_What you will do_: Return each entry exactly, so that nothing in the data differs from the original.

[[ The data open ]]

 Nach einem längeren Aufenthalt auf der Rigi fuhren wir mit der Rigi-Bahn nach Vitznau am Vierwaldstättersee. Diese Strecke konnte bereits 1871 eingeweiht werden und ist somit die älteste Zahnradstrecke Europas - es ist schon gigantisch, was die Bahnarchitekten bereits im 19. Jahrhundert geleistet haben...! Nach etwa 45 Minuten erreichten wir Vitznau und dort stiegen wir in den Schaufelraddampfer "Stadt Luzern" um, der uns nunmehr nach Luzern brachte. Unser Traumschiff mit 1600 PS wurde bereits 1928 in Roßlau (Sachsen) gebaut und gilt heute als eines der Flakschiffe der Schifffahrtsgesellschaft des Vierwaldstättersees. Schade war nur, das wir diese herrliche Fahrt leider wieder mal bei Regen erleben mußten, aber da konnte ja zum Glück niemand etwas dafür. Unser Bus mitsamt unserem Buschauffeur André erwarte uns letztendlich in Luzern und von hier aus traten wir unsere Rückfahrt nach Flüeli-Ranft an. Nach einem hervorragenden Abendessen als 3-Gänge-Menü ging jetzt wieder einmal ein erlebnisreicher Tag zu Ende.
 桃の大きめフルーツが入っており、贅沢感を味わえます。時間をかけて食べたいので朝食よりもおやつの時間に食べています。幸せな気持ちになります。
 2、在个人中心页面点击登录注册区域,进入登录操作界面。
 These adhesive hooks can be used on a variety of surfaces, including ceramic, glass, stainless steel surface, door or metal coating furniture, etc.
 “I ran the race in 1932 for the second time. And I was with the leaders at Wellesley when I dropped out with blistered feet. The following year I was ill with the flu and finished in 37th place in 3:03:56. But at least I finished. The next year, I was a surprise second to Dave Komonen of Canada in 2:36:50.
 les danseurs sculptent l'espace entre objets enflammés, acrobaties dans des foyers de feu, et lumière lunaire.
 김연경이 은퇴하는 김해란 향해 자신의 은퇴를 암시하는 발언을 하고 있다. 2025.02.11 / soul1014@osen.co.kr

[[ The data closed ]]

_Exercise response_:
 Nach einem längeren Aufenthalt auf der Rigi fuhren wir mit der Rigi-Bahn nach Vitznau am Vierwaldstättersee. Diese Strecke konnte bereits 1871 eingeweiht werden und ist somit die älteste Zahnradstrecke Europas - es ist schon gigantisch, was die Bahnarchitekten bereits im 19. Jahrhundert geleistet haben...! Nach etwa 45 Minuten erreichten wir Vitznau und dort stiegen wir in den Schaufelraddampfer "Stadt Luzern" um, der uns nunmehr nach Luzern brachte. Unser Traumschiff mit 1600 PS wurde bereits 1928 in Roßlau (Sachsen) gebaut und gilt heute als eines der Flakschiffe der Schifffahrtsgesellschaft des Vierwaldstättersees. Schade war nur, das wir diese herrliche Fahrt leider wieder mal bei Regen erleben mußten, aber da konnte ja zum Glück niemand etwas dafür. Unser Bus mitsamt unserem Buschauffeur André erwarte uns letztendlich in Luzern und von hier aus traten wir unsere Rückfahrt nach Flüeli-Ranft an. Nach einem hervorragenden Abendessen als 3-Gänge-Menü ging jetzt wieder einmal ein erlebnisreicher Tag zu Ende.
 桃の大きめフルーツが入っており、贅沢感を味わえます。時間をかけて食べたいので朝食よりもおやつの時間に食べています。幸せな気持ちになります。
 2、在个人中心页面点击登录注册区域,进入登录操作界面。
 These adhesive hooks can be used on a variety of surfaces, including ceramic, glass, stainless steel surface, door or metal coating furniture, etc.
 “I ran the race in 1932 for the second time. And I was with the leaders at Wellesley when I dropped out with blistered feet. The following year I was ill with the flu and finished in 37th place in 3:03:56. But at least I finished. The next year, I was a surprise second to Dave Komonen of Canada in 2:36:50.
 les danseurs sculptent l'espace entre objets enflammés, acrobaties dans des foyers de feu, et lumière lunaire.
 김연경이 은퇴하는 김해란 향해 자신의 은퇴를 암시하는 발언을 하고 있다. 2025.02.11 / soul1014@osen.co.kr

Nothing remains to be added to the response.